Понимаю, понимаю. И все же Кирпичников здорово мешает мне понимать.
— Что ударил, это у них не такой уж грех, — опускает голову Ярый. — Не дал согласия — хуже… Но вроде бы вопрос остался открытым. А если продам…
Четыре года прошло, и все-таки мыслит по-старому. Сейчас не время заниматься морализаторством — надо ковать железо, пока горячо.
— Подсунули нам Кирпичникова, рассчитывая на нашу наивность… Теперь сомневаетесь в наших возможностях вас защитить!
— Оседлый ли он, не имею понятия, — поднимает голову Ярый, глядит мне в глаза прямо и строго. — На поезд обратный спешил: двадцать один сорок пять. Стилягой звали — это знаю. Больше ничего.
Стилягой? Цепная реакция! А может, цепочка каверзных совпадений?

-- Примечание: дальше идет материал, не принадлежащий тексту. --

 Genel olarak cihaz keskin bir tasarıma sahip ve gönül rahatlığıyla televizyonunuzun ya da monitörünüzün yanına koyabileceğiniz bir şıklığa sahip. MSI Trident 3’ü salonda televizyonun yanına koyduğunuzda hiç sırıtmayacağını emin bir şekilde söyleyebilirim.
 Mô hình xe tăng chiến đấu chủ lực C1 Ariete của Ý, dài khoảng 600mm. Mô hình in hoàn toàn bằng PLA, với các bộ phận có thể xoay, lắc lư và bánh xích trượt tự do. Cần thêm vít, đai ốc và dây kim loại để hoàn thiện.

Когда Ярый уходит, сижу некоторое время в раздумье, — свободных минут пятнадцать у меня есть. Назови он мне любую другую кличку, я бы еще поколебался, прежде чем ему поверить. Но кличка-то мало распространенная, совсем не распространенная, можно сказать. С чего бы она пришла Ярому на ум, если это не более как фортель? А если это правда, не окажусь ли я в двойном выигрыше, посчастливься нам только напасть на след Стиляги? Не явится ли он недостающим звеном в деле домушников? Поезда, поезда. Звоню на вокзал, в справочное бюро; разумеется, сразу не могу дозвониться. Начинаю с пригородных электричек. Есть ли хоть одна в расписании: без четверти десять вечера? Нет. Двадцать пятьдесят, двадцать два двенадцать. Не подходит. Дальнего следования? По нечетным в двадцать один сорок пять — скорый на Ростов. Это годится. Девятнадцатое число — нечетное. Значит, Ростов или Донбасс; все-таки круг сузился. Иду к Величко.

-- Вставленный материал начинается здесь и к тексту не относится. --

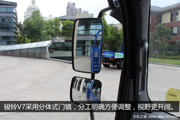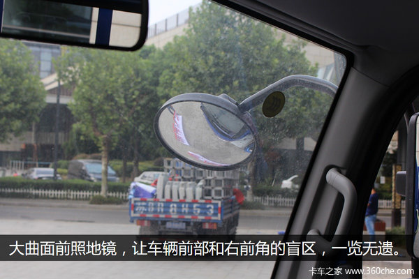 骏铃V7采用分体式门镜,分工明确方便调整,视野更开阔。另外曲面镜的应用也减少了很多驾驶员的视野盲区,大曲面前照地镜,让车辆前部和右前角的盲区,一览无遗。
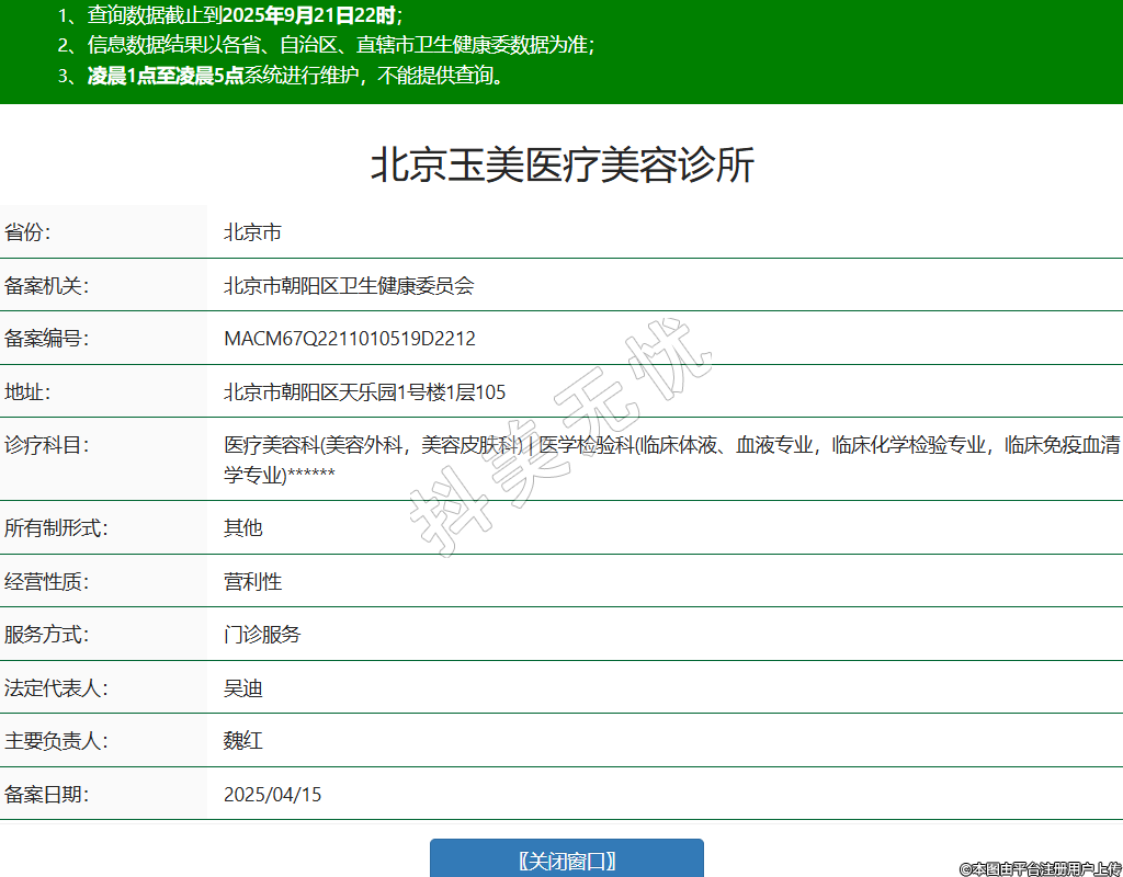 省份:北京市備案機(jī)關(guān):北京市朝陽(yáng)區(qū)衛(wèi)生健康委員會(huì)備案編號(hào):MACM67Q2211010519D2212地址:北京市朝陽(yáng)區(qū)天樂(lè)園1號(hào)樓1層105診療科目:醫(yī)療美容科(美容外科,美容皮膚科) | 醫(yī)學(xué)檢驗(yàn)科(臨床體液、血液專業(yè),臨床化學(xué)檢驗(yàn)專業(yè),臨床免疫血清學(xué)專業(yè))******所有制形式:其他經(jīng)營(yíng)性質(zhì):營(yíng)利性服務(wù)方式:門(mén)診服務(wù)法定代表人:吳迪主要負(fù)責(zé)人:魏紅備案日期:2025/04/15 -
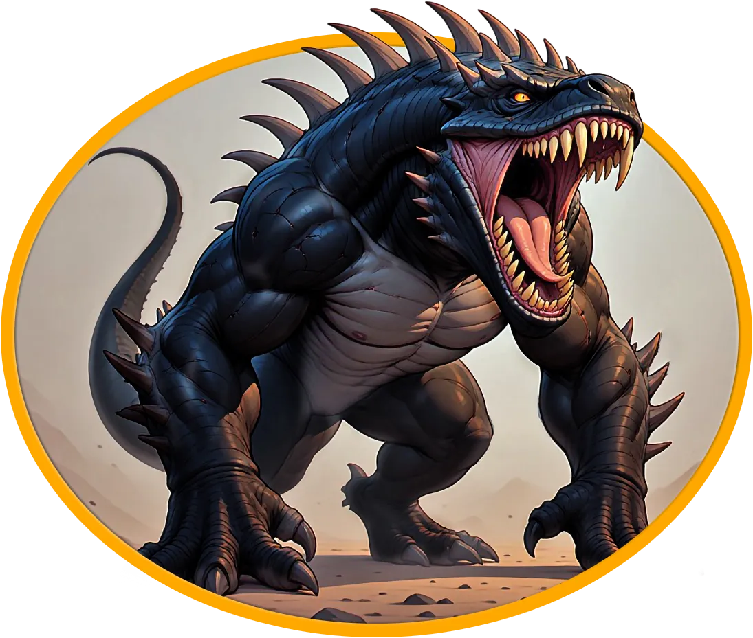 These creatures are the most intimidating. Ranging from 35-40 feet from front to back, upwards of 20 feet in height and when on their hind legs can reach up to 65 feet in height. Thick Ebony Black scales line their body and a tough void-like black leathery skin is underneath making their natural armor excellent. Their eyes are of a lime green, unless engaged in combat and they then glow a yellow. Four legs, each end in a hand of sorts that has 5 razor sharp claws that would mimic long swords.
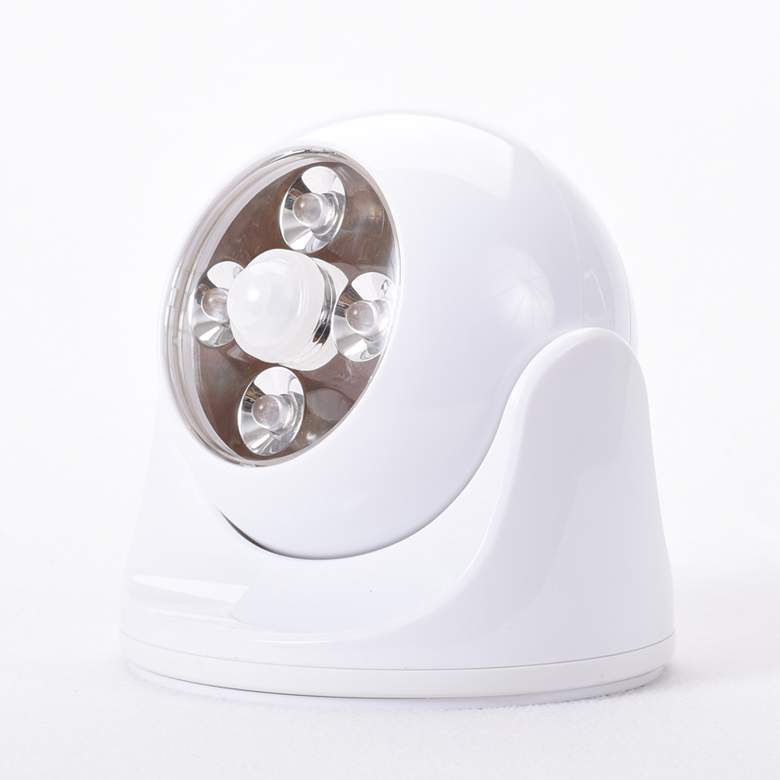 - White finish. 360-degree adjustable swivel head with sensor mounts anywhere.
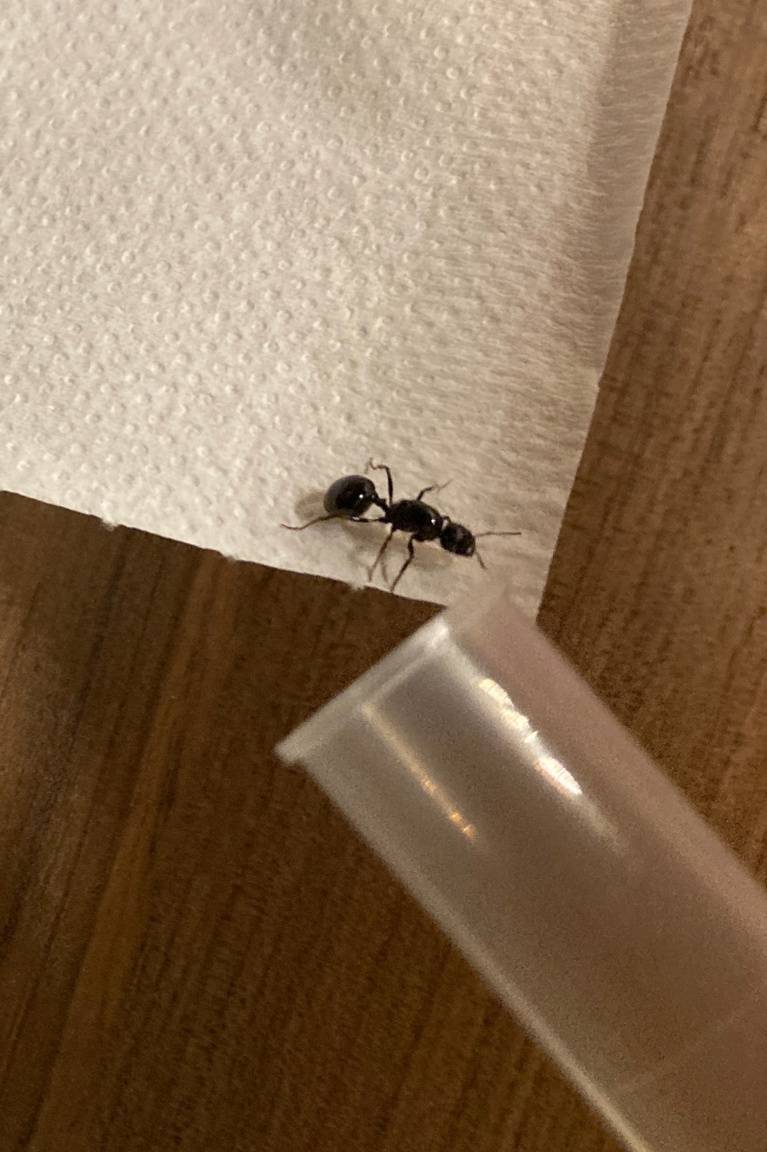 Diesmal habe ich eineGyne gefunden und ich vermute, dass es eine Messor sp . ist, da sie mMn sehr ähnlich aussieht, wie Messor Gynen auf Bildern und ich im Umkreis von mehreren Hundert Metern nur Messor Nester fand. Gefunden wurde sie am 01.09.22 im Mittelmeerraum (Nähe Rom) im städtischen Gebiet nachdem es geregnet hat. Sie ist etwa 14mm lang und, soweit ich es sehen kann, komplett schwarz. Hier sind noch ein paar Bilder, die leider etwas unscharf sind, weil sie sehr schnell ist. Hoffentlich reichen sie, damit mir jemand die Gattung und vielleicht sogar die Art sagen kann.

Откровенно говоря, идти не хочется и порадовать нечем. Несмотря на фортель с Кирпичниковым, я почти уверен, что на этот раз Ярый сказал правду, и, стало быть, я снова в тупике: личность потерпевшего не установлена, преступник не найден, преступление не раскрыто. Только тем и утешаюсь, что в общем-то спрос не с меня, а по следственной линии я промахов никаких не допустил. В этом деле сроки меня не подпирают. С домушниками — хуже. Мне потому и не хочется идти к Величко, что знаю: заговорит о домушниках. Вот где мое уязвимое место. А идти нужно: чем раньше будут приняты оперативно-розыскные меры в Ростове и Донецке, тем больше вероятности ухватить за хвост Стилягу. Хвосты, хвосты. А ящерицы и без хвостов ускользают.

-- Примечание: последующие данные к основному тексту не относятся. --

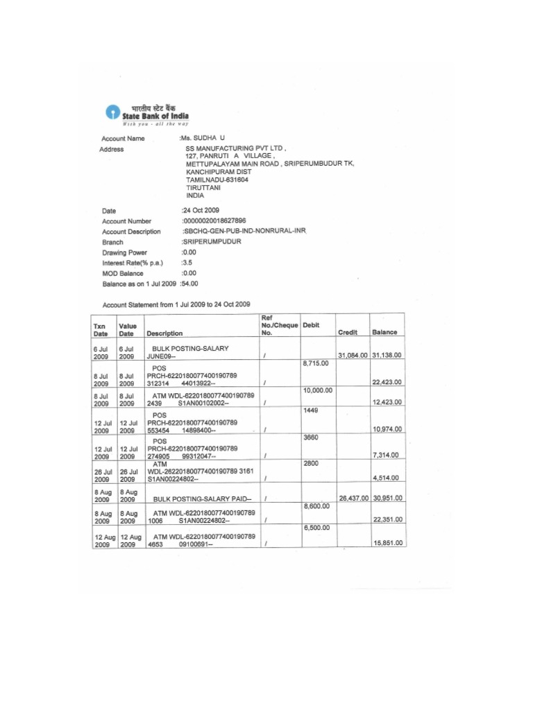 Basic Bank Statement Posibolt Solutions Pvt Ltd
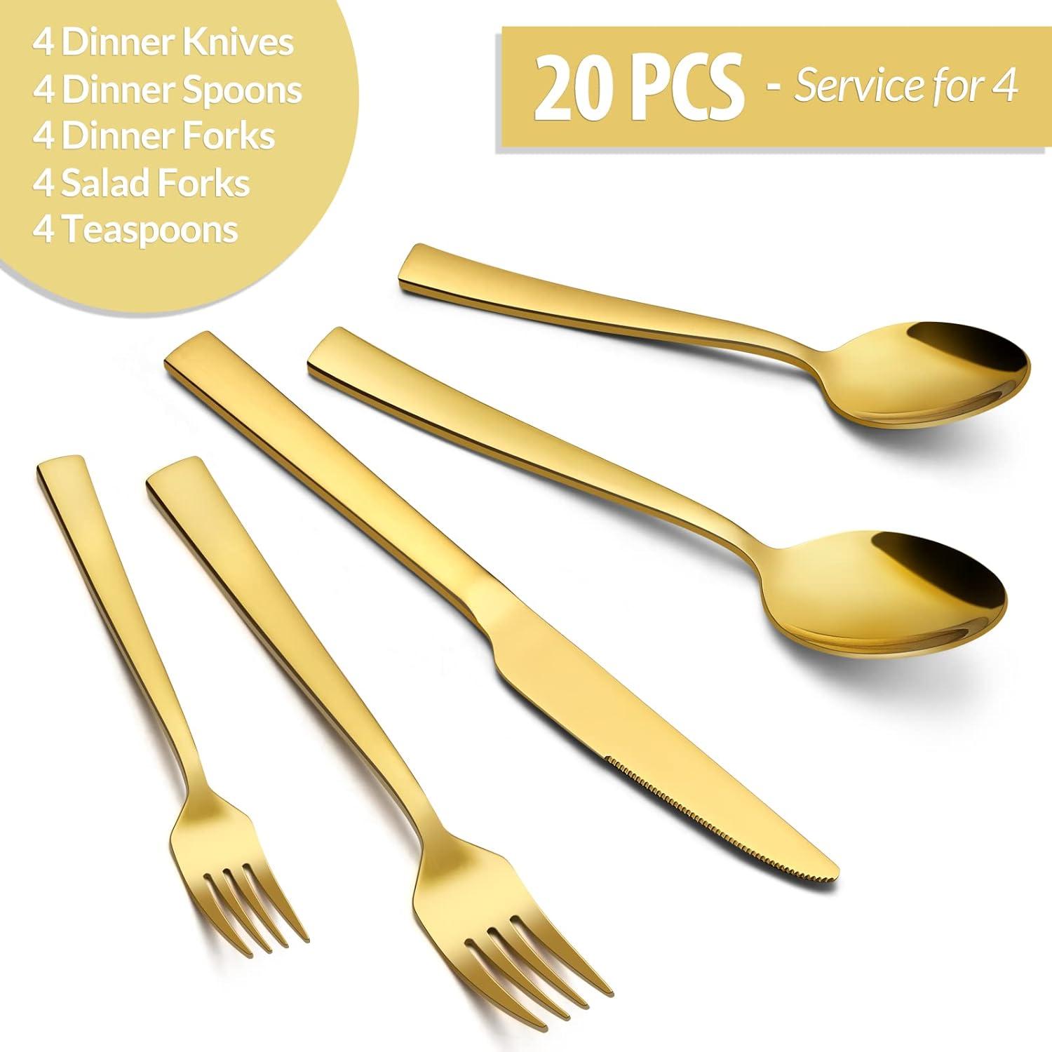 PREMIUM MATERIAL – Solid flatware set is constructed by high quality 18/0 stainless steel, Nickel free and rust resistance, Superior gold titanium coating won’t chip off, Healthy and durable for everyday use, Recommend hand washing for longer term use
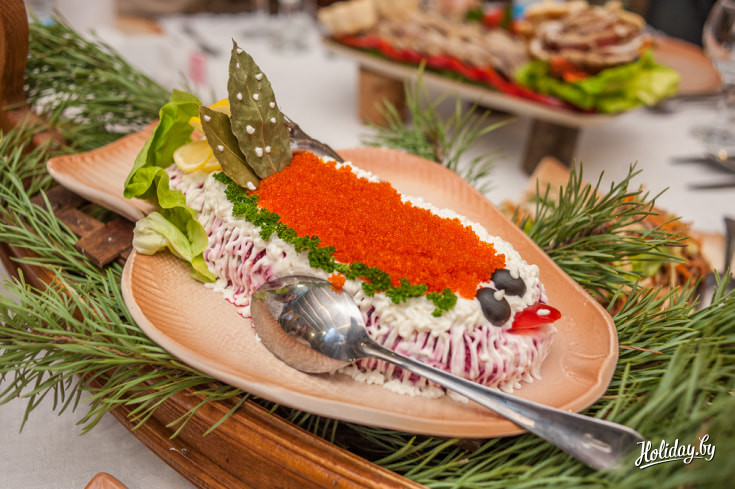 Не обошлось без любимого славянского блюда – «Селедки под шубой» с икрой летучей рыбы. Не думайте, на тарелках была вовсе не привычная нам советская «Селедка под шубой», а новое ее исполнение с необычной подачей. Итак, на блюде в форме рыбы выложен салат, покрытый необычной шубой с икрой летучей рыбы, килькой и лимоном. Подается это все на лодке с еловыми ветками, что придает блюду яркость и неповторимый аромат.

Вопреки моим опасениям, Константин Федорович не касается домушников, а может, откладывает это на закуску, но мой краткий доклад, не сдобренный, кстати, никакими сладкими упованиями, почему-то приходится ему не по вкусу. Склонив голову набок, он разглядывает что-то, невидимое мне, за окном.
— А вы, Борис Ильич, сегодня оптимист!
После Нового года в доме у них я не был ни разу. Два воскресенья прошло. Этим самым оптимизмом я попрекал Бурлаку, теперь попрекают меня. Тон иронически-официальный. Впрочем, в обращении со мной полковник Величко никогда не отличался постоянством.
— Да, оптимист! — повторяет он. — У вашего Ярого страсть к инсценировкам. Мало разыскать Стилягу, что проблематично. Нужно еще установить, действительно ли он приезжал, и когда, и не было ли у Ярого впоследствии с ним контактов. Уже после того, как этот… Кирпичников вышел из игры.
Соглашаюсь. Сложно. Но другого-то пути у нас нет.
— Вы так считаете? — рассеянно произносит Величко, постукивая пальцами по столу, разглядывая что-то, невидимое мне, за окном. — По-вашему, все ресурсы исчерпаны? Таинственный гость — невидимка? Сдать талон в спецотдел и снять дело с учета мы всегда успеем. Выкладывайте ваши планы.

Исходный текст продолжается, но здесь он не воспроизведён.